Child labor history goes back to the beginning of farming techniques. It was a fact that families needed extra hands for chores and children were asked to assist…
But the real issue when looking at child labor history goes beyond children helping with their parents tasks related to survival and prosperity. Let’s first define child labor.
Child labor is defined by the International Labor Organization (ILO) as work that deprives children of their childhood, their potential and their dignity. This deprivation is harmful to the child’s physical and mental development. Work considered “child labor” often interferes with a child’s schooling, requires them to leave school prematurely or requires them to combine school attendance with excessively long or heavy work.
The modern history of child labor indicates that the transatlantic slave trade–which lasted three centuries beginning in 1562–was one of the earliest origins of the practice. Industrial revolutions beginning around 1750 in Europe, as well as in the U.S. following the Civil War, also forced children into dangerous work. During the industrial revolution, children were employed by factories and plantation owners and were often forced to crawl inside of heavy machinery in order to fix it, working 12 to 18-hour days for little to no pay.
Although an employer would often provide the children with food, shelter and clothing, those benefits were often “far below par.”

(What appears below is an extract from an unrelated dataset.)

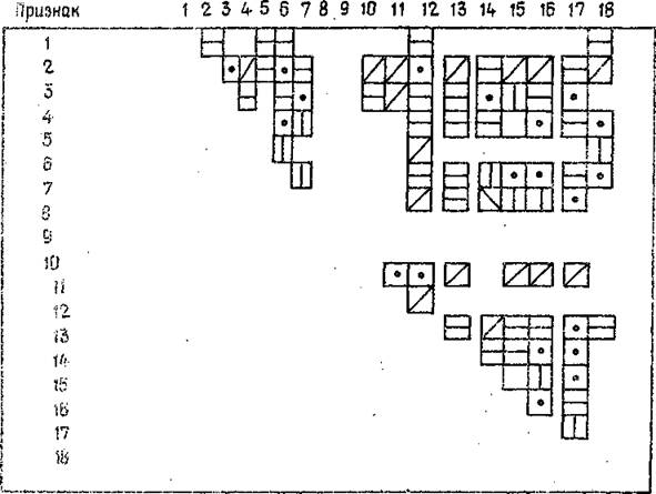 Признаки: 1 —. керамика в насыпи; 2 - керамика в могиле; 3 — другие емкости; 4 - ножи; 5 - кресала и кремни; 6 — оселки; 7 - гирьки и весы; 8 - ларцы; 9 - орудия труда; 10 - оружие и доспехи; 11 - снаряжение коня; 12 - элементы костюма; 13 - украшения; -14 — туалетные принадлежности; 15 - принадлежности для игр; 16 - амулеты и кресты; 17 — монеты; 18 - сумки.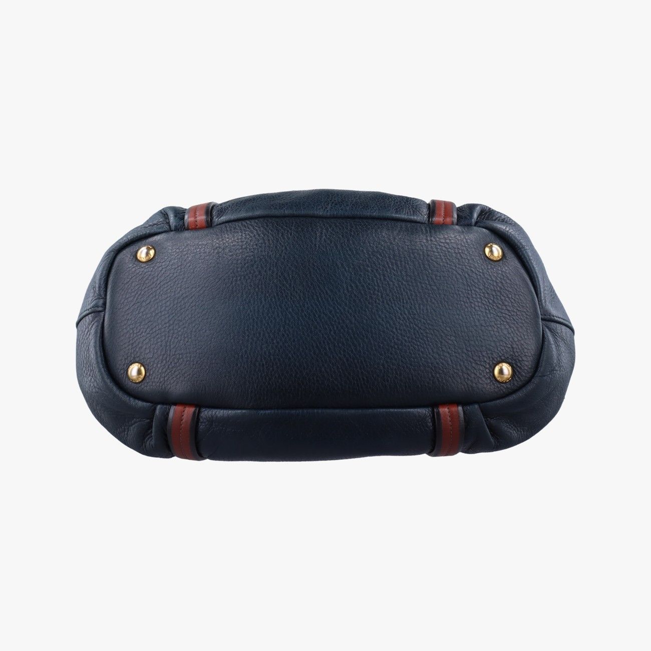 プラダPradaスクエアバックルネイビー×ブラウンレザー

For hundreds of years, labor has robbed children of their childhoods. However, many humanitarian efforts were launched in order to end child labor.
The National Child Labor Committee (NCLC) was founded in in 1904 in the United States. Their purpose was to promote the “rights, awareness, dignity, well being and education of children and youth as they relate to work and working.” The NCLC hired a photographer named Lewis Hine who spent much of 20 years documenting the working conditions of children in America. Hine, as well as Grace Abbott and Jane Addams, were strong advocates who all worked toward the goal of ending child labor. Their goal may not yet have been totally accomplished, but progress is moving along rapidly.
As of 2012, the ILO states that there are around 5.5 million children working in slavery. These children are and have historically been used for the profit of others. They have been threatened with violence, exploited in illicit activities and forced to work in unsafe and uncomfortable conditions. Areas of child slavery today include sex trafficking, factory and construction, agriculture, mining and even armed conflict.